Generally for developing a Water Safety Plan a team of experts
is necessary that includes the competence needed to analyse the hazards, assess
the risks they pose as well as the performance of the supply system in
controlling them, to define new control measures or suggest improvements of
existing ones, and to assess how effectively the control measures in place are
being monitored and managed.
This team therefore should be multi-disciplinary. It
should include knowledge of the specific supply system from catchment to
consumer in order to ascertain that hazards and potentially occurring hazardous
events can be comprehensively analysed. This ranges from technical operators to
senior managers.
The full support of the leading management is
essential for acceptance of the Water
Safety Plan, both for the work input necessary to develop it and for its
subsequent day-to-day use in practice.
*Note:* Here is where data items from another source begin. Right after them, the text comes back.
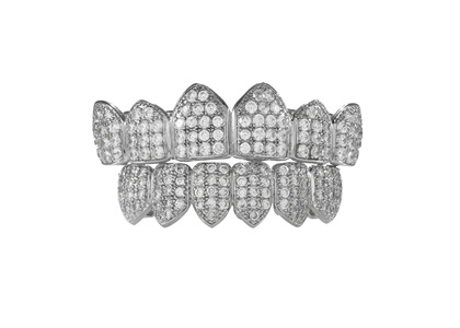 Rhodium Plated Micro Pave Top and Bottom Grillz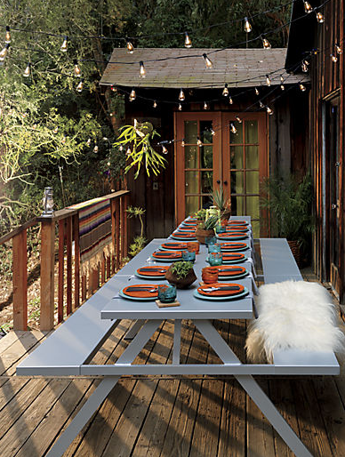 lights string patio backyard outdoor summer lighting dining flowers garden industrial living guests plates dinner fresh pop fresco al pergola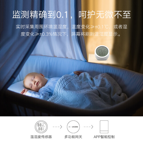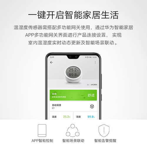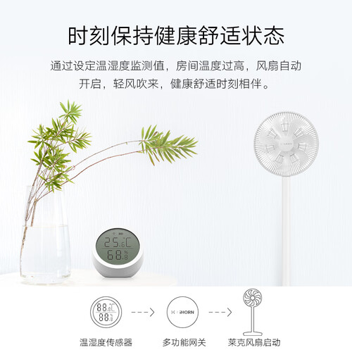 采用LED屏幕动态显示实时温湿度,一目了然更加方便。与其他智能设备联动实现室内温湿度自动调节,营造舒适居住环境。

A team leader should be designated who
drives the process.
External experts on specific issues can be included as
needed.
Specifically for cyanotoxins the team would include
expertise in:
·
phytoplankton ecology to understand the likelihood of
bloom occurrence and causes of eutrophication,
·
nutrient dynamics to set adequate targets for nutrient
concentrations and nutrient loading
·
drinking-water treatment to set performance targets
that ensure cyanotoxin removal
·
potentially also toxicology for assessing health risks
if elevated cyanotoxin concentrations cannot be excluded with certainty.
This is important,
as many of the questions to address in assessing your system and its specific
risk of cyanotoxin occurrence and break-through require quite specific
expertise. This decision support tool can outline the expertise you will wish
to get on board, but it cannot replace the experts.
è Document the members of your Water Safety Plan team, potentially
differentiating between those who supported different parts of your risk and
system assessment, e.g. in the worksheet provided on
the starting page of this decision support tool.